Next, substance dependence of the correlation length is considered. The correlation lengths of the aforementioned substances reflect individual molecular size [32]. Therefore, we normalized the correlation length by the respective molecular size and obtained the results shown in Figure 5. Here, we adopted the size parameter of the Lennard-Jones (LJ) potential [33] as the molecular size. Comparing Figure 4 and Figure 5, the density fluctuation and normalized correlation length show similar trends in substance dependences, and they are closely related. It was found that the molecular size makes a significant contribution to the correlation length, and to discuss universality, it is necessary to normalize the correlation length by the individual molecular size.

For nonhydrogen-bonded substances, the behavior of structural fluctuation is consistent even though the types of intermolecular forces, such as quadrupole moments, dipole moments, and π electrons, differ. Thus, in nonhydrogen-bonded substances, the universality of the structural fluctuation is ensured, which means that the specificity of the substance disappears using reduced variables normalized by the critical constants. On the other hand, the structural fluctuation of SCW shows a different behavior originating from hydrogen bonding. Hydrogen bonds are very directional, and their interactions reach farther than nonhydrogen bonds. As a result, the molecular aggregates of water are more bulky than other substances due to the orientation of the interactions, allowing more molecules to participate in the aggregate. The intermolecular interactions of hydrogen bonds are so specific that they cancel out even the universality of structural fluctuations.

2.3. Summary

The structural fluctuation of SCW was investigated using SAXS experiments. The results are summarized as follows: (1) The behavior of density fluctuations in water differs from that of substances without hydrogen bonds. (2) For most substances, the correlation length normalized with molecular size can be regarded as a universal quantity. However, water is the exception.

3. Theoretical Characterization of the SCW Region in Terms of the Concept of “Ridge” in the Phase Diagram

Density fluctuation is one of the distinguishing features of supercritical fluids compared with normal states such as liquid and vapor. The fluctuations become increasingly larger as the critical point is approached, and eventually diverge at the critical point. This indicates that the fluctuations are spreading to the macroscopic region [7].

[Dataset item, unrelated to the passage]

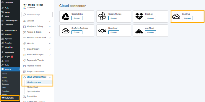 Make sure both the main plugin WP Media Folder and its Cloud Addon are installed and activated in your WordPress environment. The OneDrive integration is part of the cloud extension.

Two interesting papers have been published independently and almost simultaneously that characterized density fluctuations in supercritical fluids. One is the experiment reviewed in the previous section, and the other is a statistical mechanical study [17,18,34,35,36,37]. Using SAXS, Nishikawa et al. found that when the density fluctuation of CO₂ is plotted against density, it shows a finite (nondivergent) maximum along the critical isochore, which they later called a “ridge” [17]. Chialvo and Cummings observed a similar phenomenon theoretically in their analysis of the Kirkwood–Buff integrals for the supercritical region of fluids [34].

Following them, Gray et al. and Narikiyo reported that the ridge appears on the lower-density side of the critical isochore [35,37]. The same shift of density fluctuations of supercritical liquids is also observed experimentally [12,17,18,20,36].

To investigate the detailed molecular picture of the liquid structure on either side of the ridge, Matsugami et al. have applied the statistical mechanics of molecular liquids, called the RISM–KH theory [38]. In this section, we briefly review their theoretical study to identify the “ridge” of water and to clarify the microscopic structure of the fluids in both regions that are separated by the line.

3.1. Theoretical Framework of Density Fluctuation

The number-density fluctuation of liquids, usually simply called “density fluctuation,” is proportional to the isothermal compressibility, ${\kappa }_T$, which is given by [39,40]

$$\frac{{〈\left(\mathsf{\Delta }N\right)}^2〉}{〈N〉}=\frac{N}{V}{k}_{\mathrm{B}}T{\kappa }_T,$$

(8)

where $N$ denotes the number of molecules in an arbitrary volume $V$, $k_{\mathrm{B}}$ is the Boltzmann constant, and $T$ is absolute temperature. $〈\dots 〉$ means the ensemble average under the grand canonical ensemble.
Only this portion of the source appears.